This admonition to be strong and of "good courage" (Hebrew amass) is given some ten times in the Old Testament, plus another nine times using a different word (chasaq). The first occurrence of amass is in Deuteronomy 3:28, where it is translated "strengthen": "But charge Joshua, and encourage him, and strengthen him: for he shall go over before this people, and he shall cause them to inherit the land which thou shalt see."

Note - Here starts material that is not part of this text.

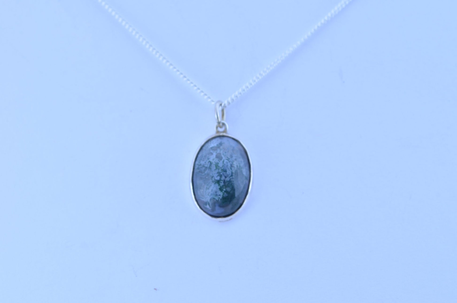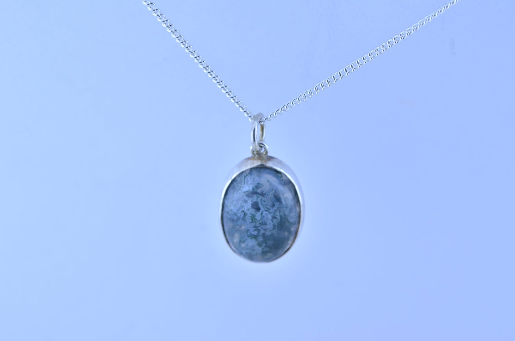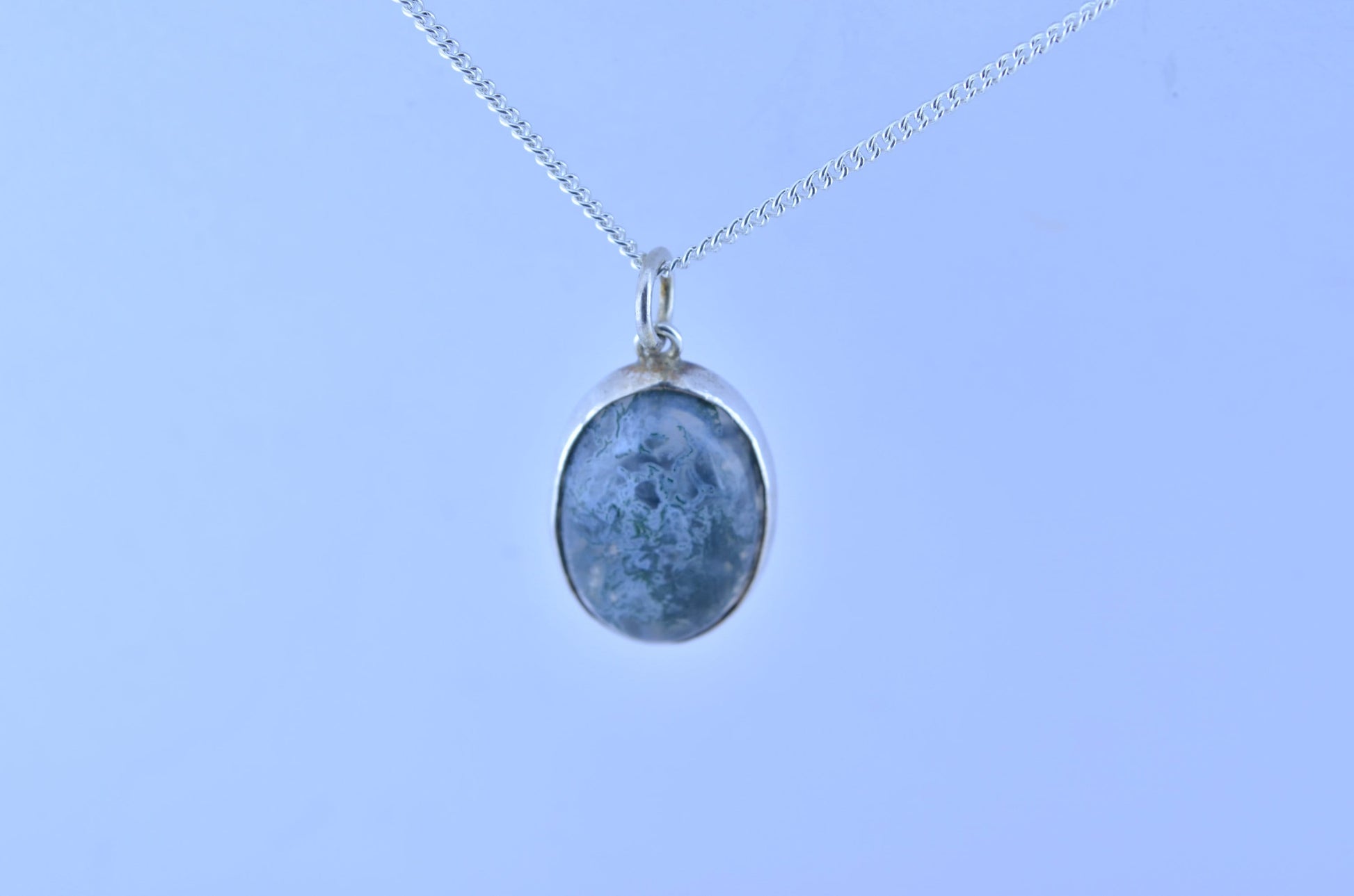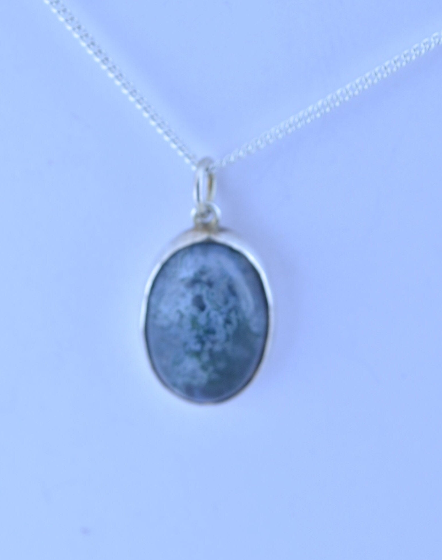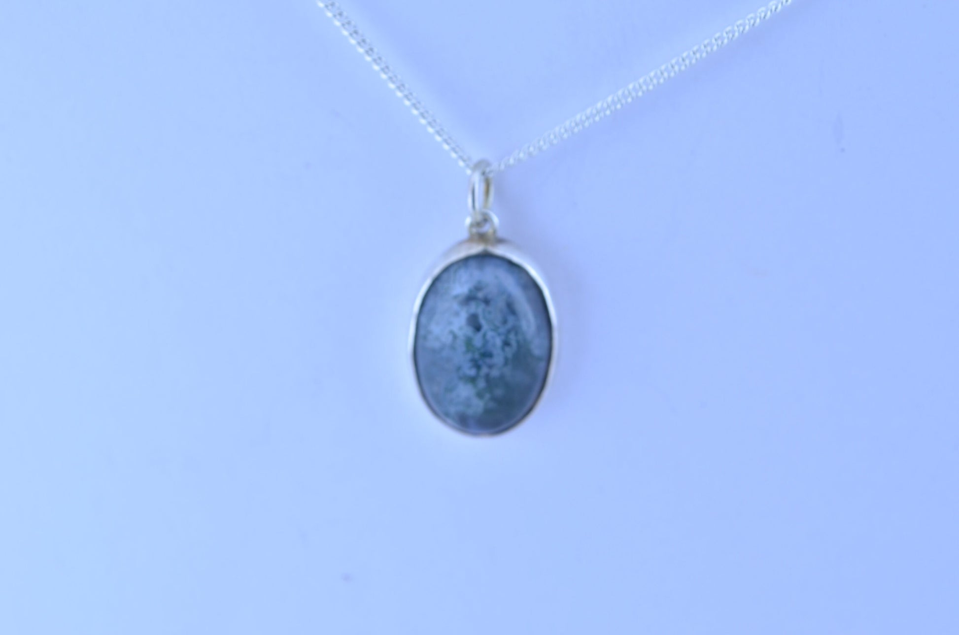 silver green moss agate pendant, oval shape natural gemstone, 18” chain

Christians today surely need good courage to face a dangerous world with all its temptations and intimidations, but nothing today could compare to the challenge facing Joshua. Trying to lead a nondescript multitude of "stiffnecked" desert nomads into a land of giants and walled cities would surely require courage beyond anything we could imagine today.

But Joshua had access to invincible resources, and so do we. "Be strong and of a good courage," God told him. "Be not afraid, neither be thou dismayed: for the LORD thy God is with thee whithersoever thou goest" (Joshua 1:9).

Giants and walled cities are no match for the children of God when He goes with them, for "if God be for us, who can be against us?" (Romans 8:31).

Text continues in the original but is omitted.